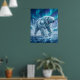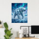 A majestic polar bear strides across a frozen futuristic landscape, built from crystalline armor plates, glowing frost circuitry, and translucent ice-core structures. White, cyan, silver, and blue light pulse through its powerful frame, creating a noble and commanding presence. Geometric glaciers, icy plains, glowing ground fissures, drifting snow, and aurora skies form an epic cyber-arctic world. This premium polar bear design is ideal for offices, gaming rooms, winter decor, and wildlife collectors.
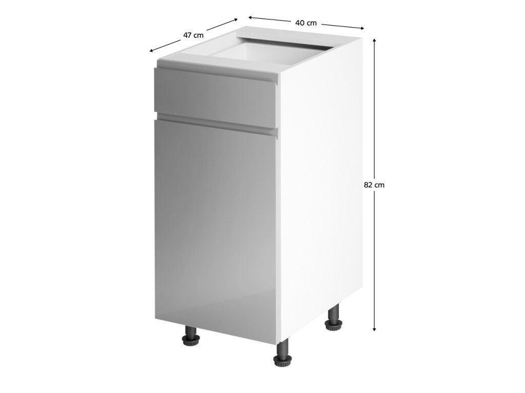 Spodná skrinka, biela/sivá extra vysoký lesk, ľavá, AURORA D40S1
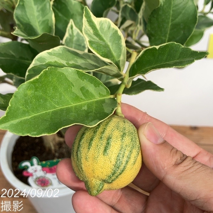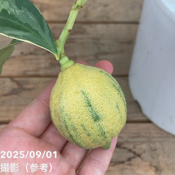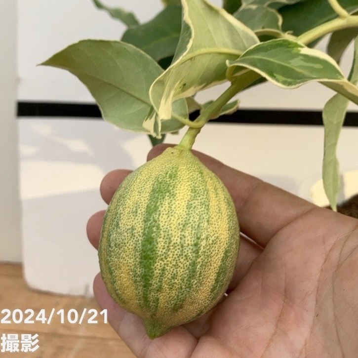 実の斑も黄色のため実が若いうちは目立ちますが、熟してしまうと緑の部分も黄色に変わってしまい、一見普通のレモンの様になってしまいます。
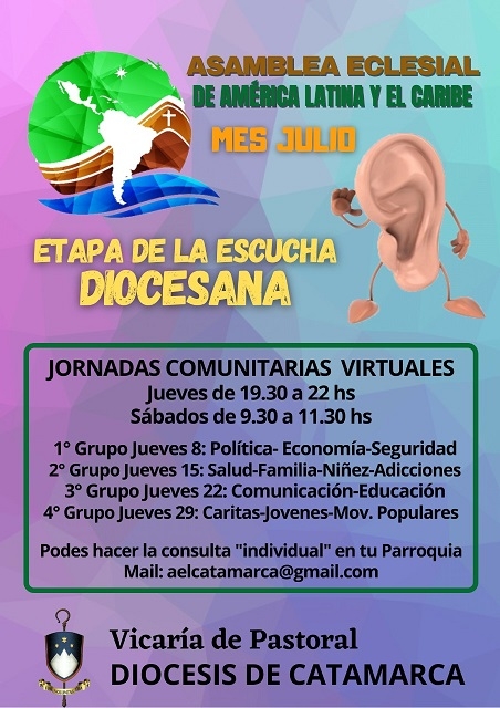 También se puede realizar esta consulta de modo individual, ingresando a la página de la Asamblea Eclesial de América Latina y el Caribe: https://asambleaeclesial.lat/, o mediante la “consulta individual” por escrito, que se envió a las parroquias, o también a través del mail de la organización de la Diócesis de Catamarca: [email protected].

**Task requirements:** Copy verbatim the span that opens at the line with "実の斑も黄色のため実が若いう" and closes at the final line of the listing. Do not carry over any pictures.

**Solution below:**
 実の斑も黄色のため実が若いうちは目立ちますが、熟してしまうと緑の部分も黄色に変わってしまい、一見普通のレモンの様になってしまいます。
 También se puede realizar esta consulta de modo individual, ingresando a la página de la Asamblea Eclesial de América Latina y el Caribe: https://asambleaeclesial.lat/, o mediante la “consulta individual” por escrito, que se envió a las parroquias, o también a través del mail de la organización de la Diócesis de Catamarca: [email protected].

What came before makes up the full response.